Gerald (singing Raspberry Beret): I was working part time in a five-and-dime, my boss was Mr. McGee. He told me several times that he didn't like my kind, 'cause I was a bit too leisurely. Seems that I was busy doing something close to nothing, but different than the day before. That's when I saw her, oh, I saw her... she walked in through the out door, out door...

Arnold: Gerald, alright alright, the artist formerly known as Gerald, would you quit joking around? I'm desperate for advice here!

Gerald (still singing): She wore a raspberry beret, the kind you find in a second hand store. Raspberry beret and if it was warm she wouldn't wear much more. Raspberry beret... I think I love her...

(Arnold hangs up, putting the cell in his back pocket as Ruth comes back to the table. They sit again in an awkward silence while Arnold waits anxiously for the bill to arrive.)

Arnold (muttering): Some advice, Gerald.

Ruth: Hmm? What'd you say?

Arnold: Oh, nothing. Just wondering where the bill was.

Ruth (large smile): Oh, Arnold, you are such a good boyfriend. Chez Paris is so expensive, I'm surprised you opted for this place. It's not your average three-week anniversary spot, you know?

Arnold (sighing heavily as the waiter brings the bill): Yeah, I know.

Ruth (frowning): The bill looks a little high, are you sure you can pay for it all?

Arnold (sighing again): Yes, I'm sure.

Ruth (frowning deeper): Arnold, what's wrong?

Arnold (handing wad of cash to waiter): Nothing, Ruth. Nothing is wrong.

Ruth (large smile again): Good, listen, this week has been wonderful, but for next week's anniversary I think we should...

Arnold's Voice: There was always a 'but' when it all came down. (Arnold sits and listens, looking miserably bored, nodding in silently oblivious approval while Ruth talks animatedly) Nothing ever seemed to be good enough for Ruth. She always wanted more, always needed more. The girl was high maintenance, not that any girl wasn't.

Ruth: So, you like the idea?

Arnold: What idea?

Ruth (huffing): Oh, Arnold, you didn't hear anything I said, did you?

Arnold (backtracking): Of course I did, I think your idea is great.
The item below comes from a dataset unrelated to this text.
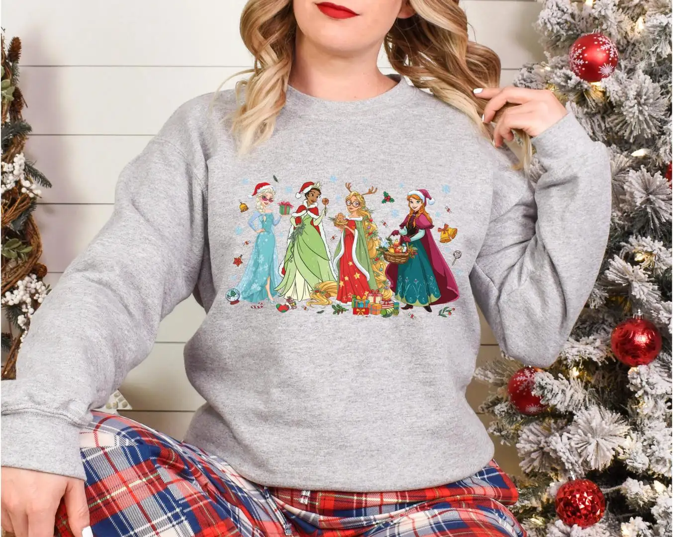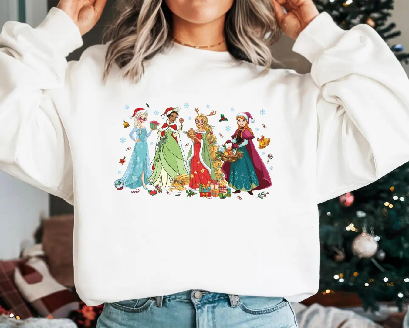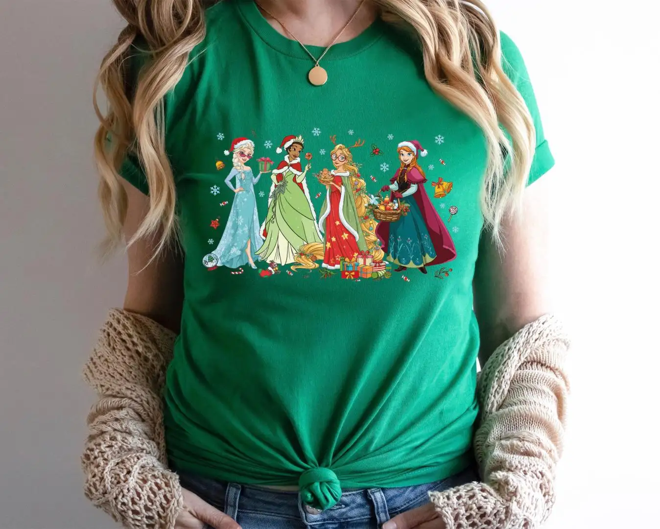 Princess Christmas Shirt, Christmas Trip Women Tee, Disney Girls Christmas Party Tees, Disneyland Holiday Gift, Elsa Tiana Rapunzel Xmas Tee

I'd love to.

Ruth (a surprised look on her face): Wow, Arnold, I would never have expected you to agree to this. Oh, you make me so happy! (Ruth leans over the table and kisses Arnold's nose) I'll have Mummy make reservations - I can't believe this, a whole day at the spa with my own boyfriend! The girls will be so jealous.

(Arnold, looking mortified, gets up from the table and the two exit. Ruth's parents are waiting outside in their car as the couple walks out onto the sidewalk.)
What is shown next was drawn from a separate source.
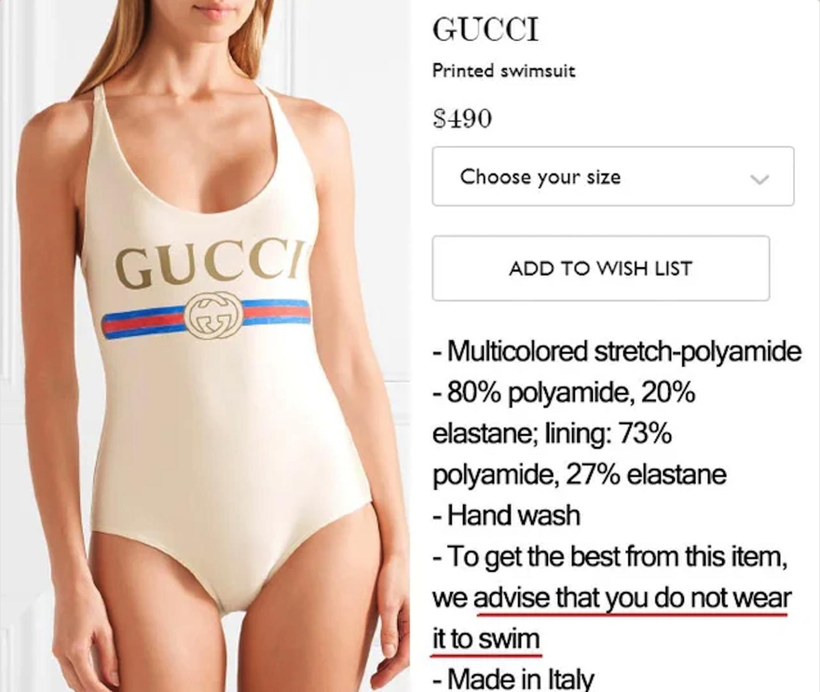 更为离谱的是,这一件泳衣被标注为不能游泳,因为衣服的材质是80%的尼龙以及20%的氨纶纤维,这些成分碰到水中的氯化物之后,会产生化学反应,导致衣料弹性下降。

Ruth: I called my parents while I was in the bathroom, I hope you don't mind.

Arnold: Not at all. I had a lot of... fun, tonight.

Ruth (big smile): Mmm, me too. Thanks for everything, Arnold. You're the best boyfriend ever. (She kisses his cheek) Night.

Arnold's Voice (Arnold watches Ruth drive away before slumping against a lamp post): A whole day at the spa? What was I... gay?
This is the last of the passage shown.